Bei diesem Seminar, das vom 11. bis 15. Dezember 2023 im Physikzentrum stattfand, nahmen rund 50 Wissenschaftler aus einem Dutzend Ländern teil, um Ideen und Konzepte aus verschiedenen Bereichen auszutauschen und damit neue Ideen zu begünstigen. Das Programm umfasste eingeladene Vorträge über Theorie von und Experimente zu traditionellen Strange-Metal-Systemen (Kuprate, Schwere-Fermion-Verbindungen), aber auch zu Twisted-Bilayer-Graphen und ultrakalten Atomen. Physikalische Konzepte der Kondo-Destruktion, der Fraktionierung, der holographischen Dualität und der Topologie wurden ausgiebig beleuchtet. Acht (Post-)Doktoranden wurden für Kurzvorträge ausgewählt, zusätzlich gab eine Postersitzung jungen Wissenschaftlern eine Bühne für ihre exzellenten Beiträge. Dies alles schuf eine sehr angenehme Diskussionsatmosphäre, insbesondere auch während des Heraeus-Abendessens zu Ehren von P.W. Anderson, der am 13. Dezember hundert Jahre alt geworden wäre.

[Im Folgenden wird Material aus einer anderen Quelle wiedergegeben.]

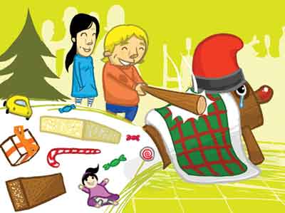 Y cuando llega la Nochebuena, se produce la hecatombe. El genocidio, incluso. En centenares de miles de hogares catalanes se reproduce la misma escena sanguinolienta. Los niños, armados con palos como si fueran nenoazis griegos, arremeten contra el pobre Tió en una orgía de violencia sólo equiparable al genocidio de Ruanda o al comportamiento de la defensa del Atlético de Madrid. Al grito de «Caga, Tió» (recordemos que el pobre tronco suele llevar dos semanas estreñido) los pequeños émulos de la pandilla protagonista de La Naranja Mecánica proceden a apalear salvajemente al pobre tronco que nada les ha hecho, mientras entonan una melodía que ha poblado las pesadillas de centenares de troncos:
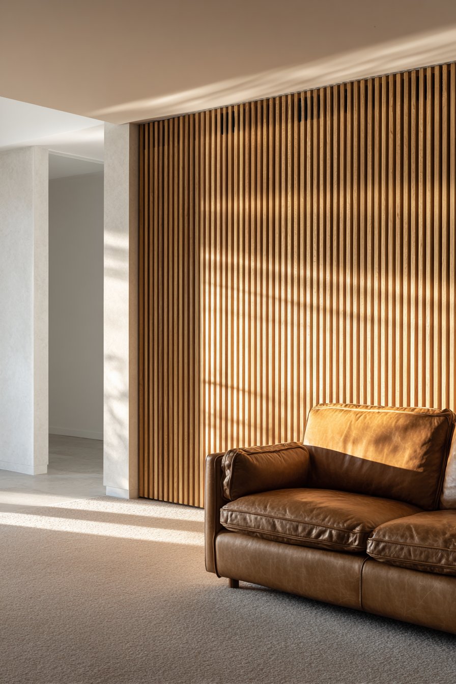 Key Design Tips: Choose slats with consistent grain patterns for a refined look, or embrace natural variations for more character. Space slats 2-3 inches apart for optimal shadow effect without excessive material costs. Mount slats on a painted backing board in a contrasting color to enhance the dimensional effect. Consider adding integrated LED strip lighting behind slats for dramatic evening ambiance. Seal wood with a clear matte finish to protect against moisture while maintaining natural appearance.
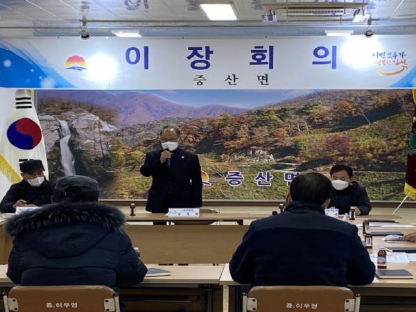 증산면에서는 11일 14시 각 이장 및 관내 유관기관장 등 20여 명이 참석한 가운데 올해 첫 이장회의를 개최하였다.
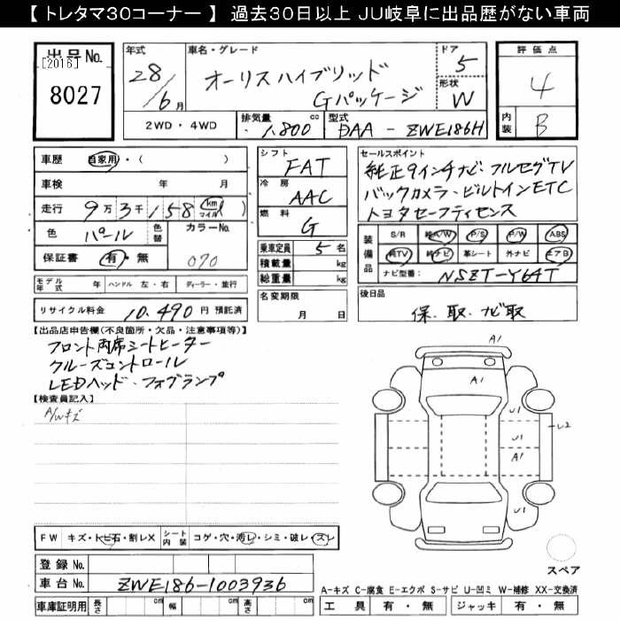 TOYOTA AURIS HYBRID G-PKG - лот 8027

Im Hinblick auf die Zukunft des Forschungsgebiets zeichneten sich in einer allgemeinen Diskussionssitzung folgende Schlüsselfragen ab:

  • Sind alle Strange Metals gleich (z.B. in Moiré-Graphen und in Kuprat-Supraleitern)?

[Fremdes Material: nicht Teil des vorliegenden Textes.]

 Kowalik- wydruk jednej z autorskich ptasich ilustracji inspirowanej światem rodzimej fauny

  • Ist die Unterscheidung zwischen quantenkritischer Phase und quantenkritischem Punkt relevant für das Verständnis von Strange Metals?
  • Was sind die Merkmale von Strange Metals jenseits des in der Temperatur linearen Widerstands?

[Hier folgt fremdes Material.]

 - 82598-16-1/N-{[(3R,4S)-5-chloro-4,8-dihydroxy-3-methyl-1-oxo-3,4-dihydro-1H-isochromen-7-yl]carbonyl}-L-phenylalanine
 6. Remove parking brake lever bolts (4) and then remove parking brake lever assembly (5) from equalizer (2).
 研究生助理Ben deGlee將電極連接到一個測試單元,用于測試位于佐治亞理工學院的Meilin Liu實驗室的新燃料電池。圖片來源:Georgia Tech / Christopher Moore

Im Namen aller Teilnehmenden danken wir ganz herzlich der WE-Heraeus-Stiftung für die großzügige finanzielle und hervorragende organisatorische Unterstützung, dem Physikzentrum in Bad Honnef für die herzliche Gastfreundschaft und ICAM-I2CAM für zusätzliche finanzielle und ideelle Unterstützung.